[D] How do you change your metaparameters when scaling to multiple G(T)PUs?
Recently I’ve been scaling my work to larger models and datasets and am finally at a point where distributed training on multiple GPUs is required. I’ve found TensorFlow 2’s
distribute library and the
tf.distribute.MirroredStrategy [1,2] a really easy way to do synchronous distributed training on multiple GPUs on one machine. Are there general heuristics to how one should change their metaparameters as one scales from a single gpu solution to distributed gpu training?
The TensorFlow guides touch on this briefly:
In both cases (dataset or numpy), each batch of the given input is divided equally among the multiple replicas. […] Typically, you would want to increase your batch size as you add more accelerators so as to make effective use of the extra computing power. You will also need to re-tune your learning rate, depending on the model.
For example, I trained DenseNet-BC (k=12, d=100) on a single GPU with a batch size of 64 and stepwise learning rate annealing from 0.1 -> 0.001 -> 0.0001. Though the training curves look quite different when scaling to multiple GPUs, I’ve gotten essentially the same test loss and accuracy using the same learning rate scheme and an epoch-level batch size of 64*num_gpus (with very nice time-to-completion gains: ~8 hours on 1 gpu -> ~4 hours on 4 gpus).

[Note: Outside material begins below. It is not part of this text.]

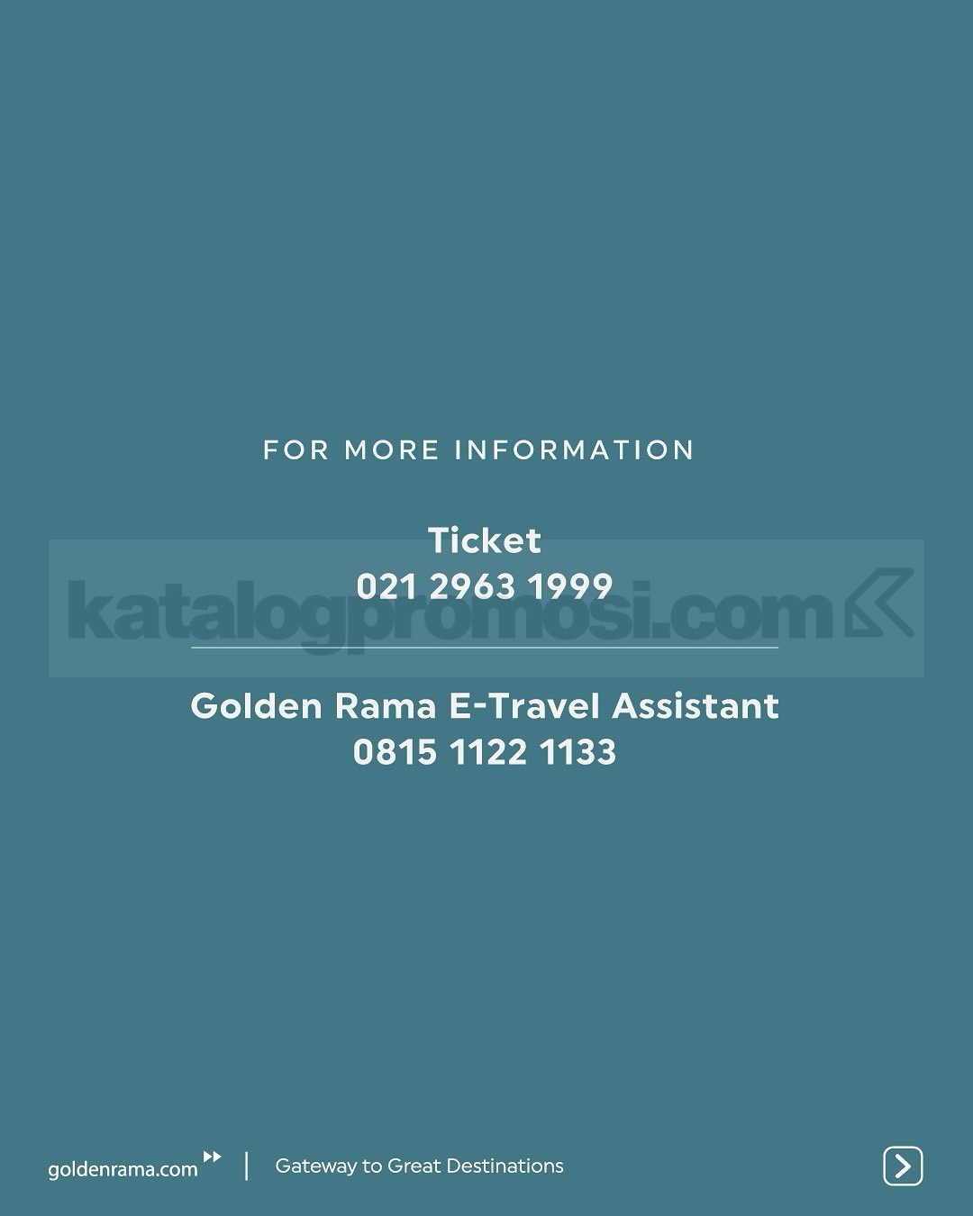 Program spesial ini cocok buat kamu yang mau rencanain liburan hemat ke destinasi luar negeri favorit. Jangan lupa catat tanggal dan segera kunjungi kantor cabang Golden Rama untuk dapatkan penawaran terbaik.

 by Shallue et al shows that there is a universal relationship between batch size and training time, but also that this relationship varies great across dataset, neural network architecture, optimizer, and workloads. In practice, it seems like one might not have the compute to always perfectly optimize for the given task across learning rates, optimizers, and batch sizes. Are there general rules of thumb that have worked nicely for you in practice?

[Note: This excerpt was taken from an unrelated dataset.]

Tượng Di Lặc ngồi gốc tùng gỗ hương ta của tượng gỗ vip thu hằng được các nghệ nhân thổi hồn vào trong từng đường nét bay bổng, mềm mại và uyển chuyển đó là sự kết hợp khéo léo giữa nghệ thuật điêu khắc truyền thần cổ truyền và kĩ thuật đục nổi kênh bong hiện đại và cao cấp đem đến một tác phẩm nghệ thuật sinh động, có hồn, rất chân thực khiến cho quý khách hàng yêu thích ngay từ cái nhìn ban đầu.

“If one could predict which workloads benefit most from data parallel training, then one could tailor their workloads to make maximal use of the available hardware. However, our results suggest that this will often not be straightforward, because the maximum useful batch size depends, at least somewhat, on every aspect of the workload: the neural network architecture, the dataset, and the optimizer.”